# Cleaning methods when loading optical bands
Let's take a peek on the cleaning methods of optical bands and their potential respective time-consumption.

<div class="alert alert-warning">

<strong>Warning:</strong>
The durations shown hereunder may not be representative of your computer's performances.
Please take it as a hint about relative performances between constellations.

</div>

To summarize:
- `RAW` is fast and dirty
- `NODATA` is used by default, still relatively fast and puts nodata outside detectors footprint
- `CLEAN` is the most complete method (used before version `0.11.0`) but can be very slow and as the defective pixels are relatively rare. This may be overkill for your usage.

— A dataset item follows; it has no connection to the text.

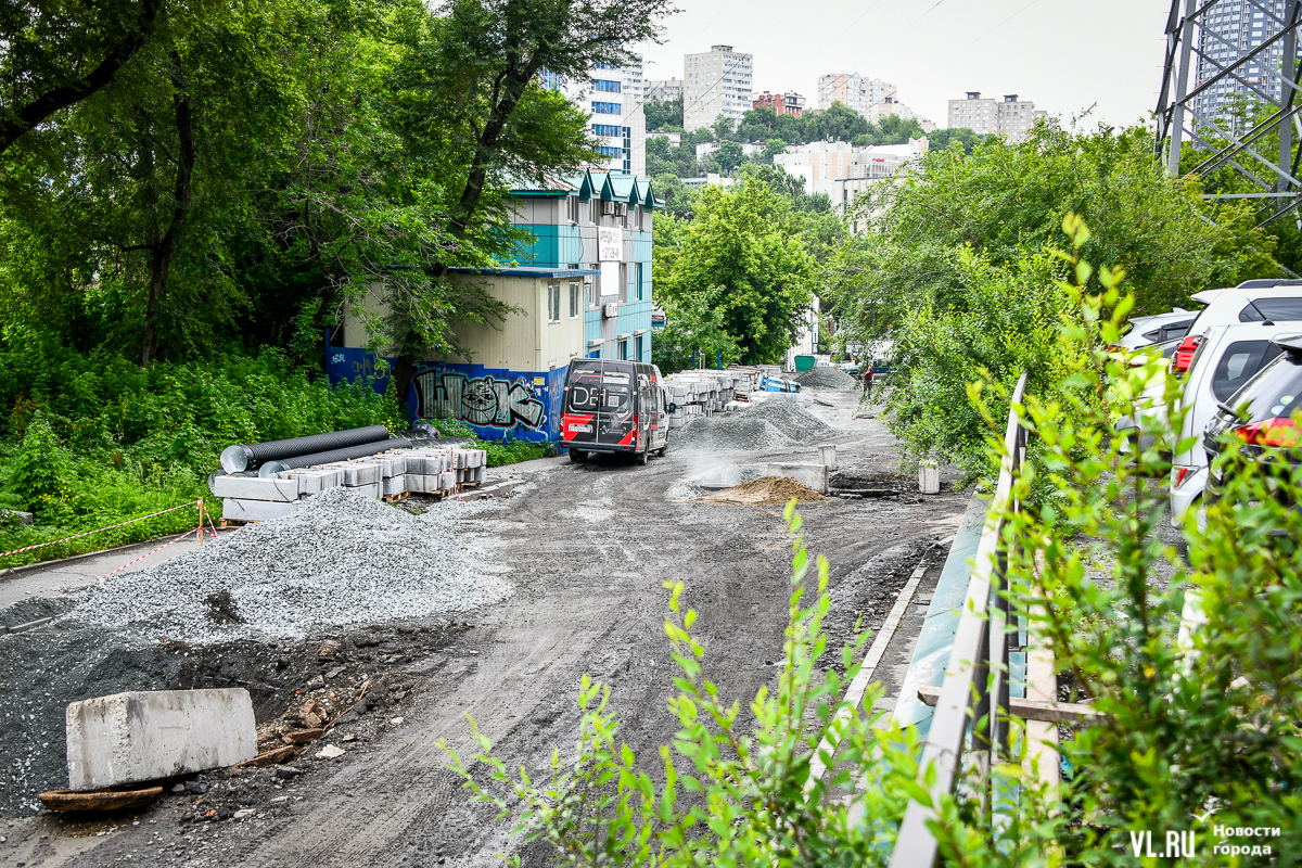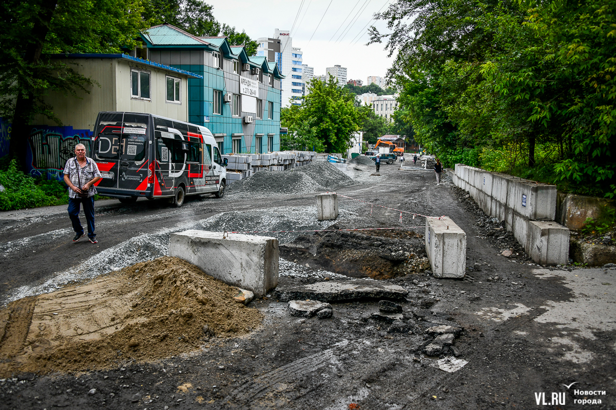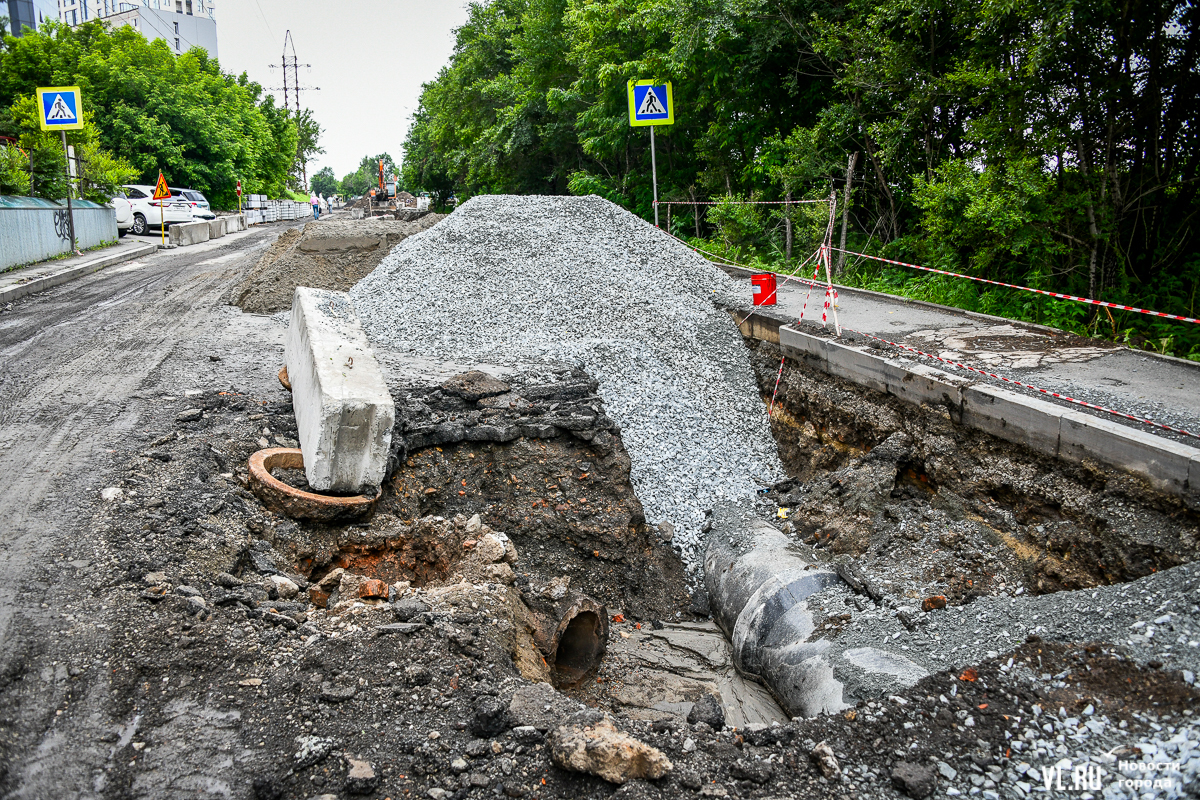 Здесь всё ещё вскрыта дорога, рабочие укладывают новые трубы ливневой канализации. Штабелями лежат бордюры, но до их установки ещё далеко. Работы ведутся, хотя особой спешки или большого скопления рабочих корреспонденты Новостей VL.ru не заметили. Люди ходят по перекрытой улице, лавируя между ямами, колодцами и бордюрами. Проезжают мотоциклисты и велосипедисты.

Note that the keywords are working with both `load` and `stack` functions.


## Try with Landsat-8

Let's open a Landsat-8 OLCI collection 2 tile.
Landsat COL-2 products manage their nodata and defective pixels through two flag files:
- `QA_PIXELS`
- `QA_RADSAT`

See more about these files [here](https://www.usgs.gov/core-science-systems/nli/landsat/landsat-collection-2-quality-assessment-bands)

In [1]:
# Imports
import os
from eoreader.reader import Reader
from eoreader.bands import GREEN
from eoreader.keywords import CLEAN_OPTICAL
from eoreader.products import CleanMethod

In [2]:
# Open the product
folder = os.path.join("/home", "ds2_db3", "CI", "eoreader", "optical")
path = os.path.join(folder, "LC08_L1TP_200030_20201220_20210310_02_T1.tar")
reader = Reader()
prod = reader.open(path)

### Time the RAW method
The `RAW` method is simple: just open the given tile with no pixel processing.

In [3]:
%%timeit
prod.load(
    GREEN, 
    **{CLEAN_OPTICAL: CleanMethod.RAW}
)
prod.clean_tmp()

The slowest run took 40.67 times longer than the fastest. This could mean that an intermediate result is being cached.
1min 17s ± 1min 44s per loop (mean ± std. dev. of 7 runs, 1 loop each)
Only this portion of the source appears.